敗戦後、捕虜収容所に収容された日本兵の中で、後方司令部にいた士官たちを中心に、降伏した日本政府を弾劾する血判状が作られ、強制的に署名を求められるという事件があったそうです。これに対して、実戦部隊の兵士達は、戦争がやっと終わった今、何を言うのかと猛反発し、殴り合いの挙句、実戦部隊からこの署名に参加した人は1人もいなかったそうです。その後その血判状がどうなったかはご存じないそうですが、多分中国側にとがめられて立ち消えになったのでしょう。

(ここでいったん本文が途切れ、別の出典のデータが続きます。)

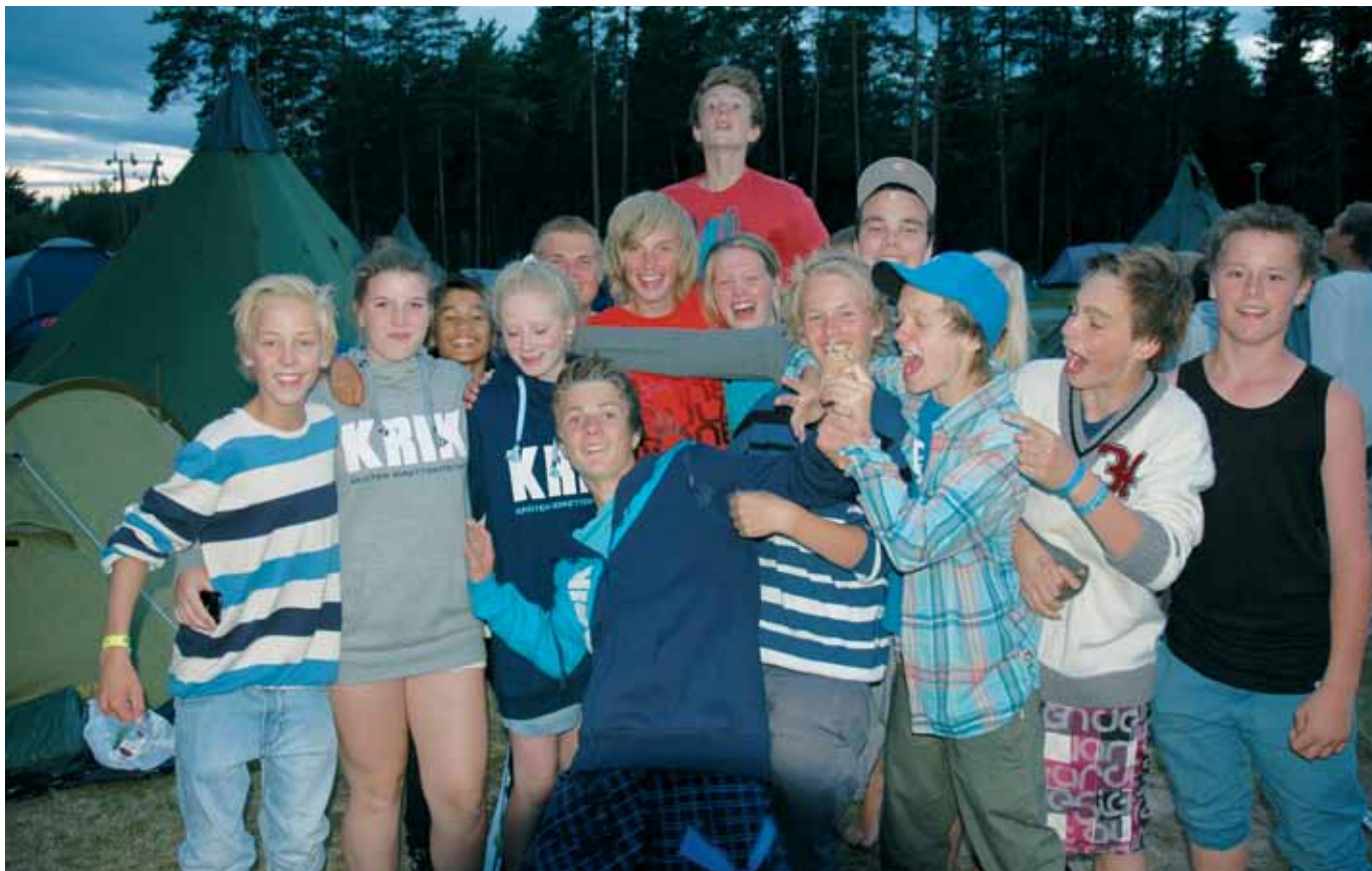
Godt samhold og vennskap blant konfirmanter satte sitt positive preg på konfaksjon 2011.

Hovedvekten av ungdommene velger å bli KRIK-konfirmant. Det å dra på en femdagers leir, sammen med over 900 andre ungdommer fra hele landet, gir en positiv start på konfirmantåret. Ungdommene tilbys ulike aktiviteter, Sommarland i Bø i Telemark, morgen- og kveldsmøter med mye lovsang og forkynnelse tilpasset målgruppen. Andre alternativer som tilbys er NETS-

そして、日本に復員してきたとき、たまたま船が着いたのが、品川さんの所属する鳥取連隊の本拠地の近くだったので、遠方に帰る復員兵たちを先に船から降ろし、品川さんたちの部隊は数日、船の中で上陸を待っていたのだそうです。その時、古新聞が部隊に配られ、その中身は、1945年11月3日に公布された日本国憲法の中身を報じる記事だったそうです。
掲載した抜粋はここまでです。